In python, all attributes and methods are public, but there are a few conventions to have them treated as private. They would still be publically accessible, but the author of the class has "warned" the user not to tamper with them to avoid possible conflicts.


In [ ]:
class Reverser():
    def __init__(self, name):
        self.public = name
        self._private = name[::-1]
    
    def get_reverse(self):
        return self._private
        
x = Reverser('hello world')
print(x.public)
print(x.get_reverse())
x._private = 'luddism'
print(x.get_reverse())

In the above example, the _private attribute is not meant to be called by the class user, but it can still be easily accessed. In languages like C++ accessing or changing the value of a private attribute would trigger an error. In python it is possible but might interfere with the intended purpose of that attribute/method.

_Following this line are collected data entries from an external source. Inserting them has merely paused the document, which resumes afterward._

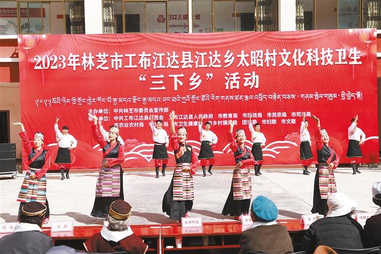 近日,由林芝市委宣傳部牽頭在工布江達(dá)縣江達(dá)鄉(xiāng)太昭村聯(lián)合舉辦林芝市文化科技衛(wèi)生“三下鄉(xiāng)”活動(dòng)。林芝市、工布江達(dá)縣兩級(jí)文藝工作者為現(xiàn)場(chǎng)群眾送上的《續(xù)寫盛世》《栢榭》等精彩節(jié)目和哈呼曲藝社帶來(lái)的語(yǔ)言類節(jié)目《學(xué)習(xí)國(guó)家通用語(yǔ)言文字》,深受群眾喜愛,節(jié)目中還穿插黨的二十大精神等相關(guān)知識(shí)問(wèn)答環(huán)節(jié),在場(chǎng)群眾積極參與,踴躍回答,現(xiàn)場(chǎng)氣氛十分活躍。
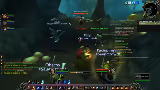 03:16:47Die Gruppe, bestehend aus dem Streamer, Kitty und einem weiteren Spieler namens Obsess, sucht nun aktiv nach einem Tank, um den Deadmines-Dungeon zu betreten. Sie kommunizieren über die empfohlene Level-Grenze und diskutieren die strategische Vorgehensweise. Es wird erwähnt, dass sie sich kurz bei einem Damm treffen und über verschiedene Loot-Optionen sprechen, die sie nutzen können. Nachdem sie die Gruppe vervollständigt haben, starten sie den Dungeon, wobei der Streamer den Tank spielt und die beiden anderen als Heiler fungieren. Sie sind sich ihrer Überlegenheit bewusst und planen den Run gemächlich zu gestalten.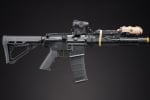 Outfitted with an Atlas Custom Works M640U Scout Light PRO Rail Mount LED Flashlight (Black), this rifle setup ensures superior illumination in low-light environments. The ACW LA-5C PEQ-15 Illuminator with a built-in flashlight and visible/IR green laser (Dark Earth) enhances target acquisition and adaptability in nighttime operations. The included Atlas Custom Works xForce XTSP Red Dot Sight with QD Mount (Black) provides rapid target acquisition and precision aiming in high-stress engagements.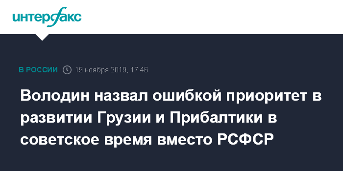 Москва. 19 ноября. INTERFAX.RU - Спикер Госдумы Вячеслав Володин упрекнул коммунистов за то, что в советское время приоритет в развитии отдавался Грузии и прибалтийским республикам вместо РСФСР.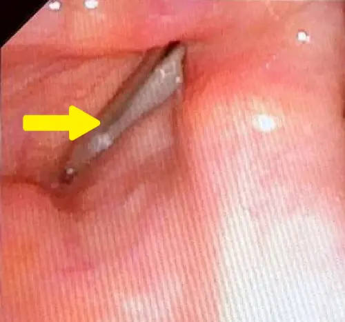 ▲▼手術前(上)左側假聲帶會過度用力代償且聲帶無法閉合,手術後(下)左側假聲帶不用再出力且聲帶可閉合。(圖/馬偕醫院提供)

A way to obfuscate a private attribute/method a bit more is to use Name mangling, that is using a double underscore before the attribute name:


In [ ]:
class Reverser():
    def __init__(self, name):
        self.public = name
        self.__private = name[::-1]
    
    def get_reverse(self):
        return self.__private
    
x = Reverser('hello world')
print(x.public)
print(x.get_reverse())
x.__private = 'luddism'
print(x.get_reverse())

We have created a new attribute called __private, but the original class attribute has not been changed. That is because name mangling has transformed the __private attribute to _Reverser__private internally.


In [ ]:
print(x.__private)
print(x._Reverser__private)

Operators: handy methods

As stated at the beginning of this chapter, everything in python is an object. As we have seen with objects of type int, we can apply some operators to them:


In [ ]:
x = 1
y = 2
x + 2

The sum operator is in fact a method of the int class. The following expression is exactly equivalent to calling x + y.


In [ ]:
x = 1
y = 2
x.__add__(y)

A comprehensive list of operators that can be implemented for any given class can be found here. It's worth noting that many of those operators are already implemented for any class. Re-implementing an existing operator (or more generally a method) is termed overloading.


In [ ]:
x = Protein('prot1', 'MPNFFIDRPIFAWVIAIIIMLAGGLAILKLPVAQYPTIAP')
dir(x)

For instance, the __eq__ method implements the == boolean operation. The basic implementation checks whether two instances are exactly the same, a behaviour that is not always intuitive.


In [ ]:
p1 = Protein('prot1', 'MPNFFIDRPIFAWVIAIIIMLAGGLAILKLPVAQYPTIAP')
p2 = Protein('prot1', 'MPNFFIDRPIFAWVIAIIIMLAGGLAILKLPVAQYPTIAP')
p1 == p2

In [ ]:
# let's fix it
class Protein(Sequence):
    def get_exon_length(self):
        return len(self.sequence) * 3
    
    def __eq__(self, other_instance):
        return self.sequence == other_instance.sequence

In [ ]:
p1 = Protein('prot1', 'MPNFFIDRPIFAWVIAIIIMLAGGLAILKLPVAQYPTIAP')
p2 = Protein('prot1', 'MPNFFIDRPIFAWVIAIIIMLAGGLAILKLPVAQYPTIAP')
p1 == p2

Other interesting operators:

  • __lt__ (x<y), __le__ (x<=y)
  • __gt__ (x>y), __ge__ (x>=y)
  • __eq__ (x==y), __ne__ (x!=y)
  • __str__: how the instance will be represented when calling the print or format functions on it
  • __bool__ cast the instance to bool, for instance based on one of its attributes

Many more are available, and allow to create new interesting data types.

Duck typing

Unlike languages like c, where the type of arguments to functions have to be previously defined, python uses the "Duck typing" paradigm.

"If it walks like a duck and it quacks like a duck, then it must be a duck."

In other words it means that we are not interested in checking and enforcing the type of an object to be used by a method, only that it needs to contain certain attributes and methods. More importantly, the check is performed at runtime, and not at compilation time (which python doesn't have anyway!). This allows greater flexibility in passing objects to functions.


In [ ]:
def sum_two_things(a, b):
    return a + b

In [ ]:
sum_two_things(1, 2)

In [ ]:
sum_two_things('a', 'b')

For the above examples we just need two objects that support the __add__ operator, but we don't care about their actual type, as long as they say "quack!"